What This Means for Site Owners
Evaluate your bot blocking policy by user-agent string rather than by vendor. The retrieval-mode bots (Perplexity, OAI-SearchBot) and the training-mode bots (GPTBot in its current predominant use) operate on fundamentally different referral timelines. OAI-SearchBot's industry-specific growth in healthcare and media is worth tracking: if your site operates in those verticals, the crawler fleet with the best prospect of sending future referrals is already running at substantially elevated volumes compared to 2024.
Check your server-side rendering coverage for known bot user-agents. The crawl-to-refer ratio is a ceiling — it measures outcomes that actually happened — but a crawler that hits a JavaScript-rendered page and receives a blank body never had a chance to index anything useful. The prerequisite for any AI-generated citation is a successful crawl with meaningful content. Static HTML delivery or server-side rendering for identified bot user-agents removes this failure mode before it affects the ratio.
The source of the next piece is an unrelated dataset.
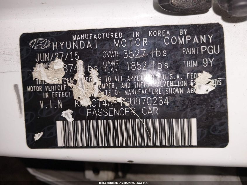 2016 HYUNDAI ACCENT 2016 року Бензин, 1.6, Передній привід, vin - KMHCT4AE1GU970234 з США

Track crawl volume trends by user-agent alongside your referral attribution data month over month. Crawl growth without referral growth is a training-mode signal. Referral growth without proportional crawl growth — as you would expect from Perplexity's tighter retrieval loop — is a sign the crawler is in active search-serving mode and worth prioritizing for content accessibility. The ratio, not the raw crawl count, is the signal that maps to actual business outcomes.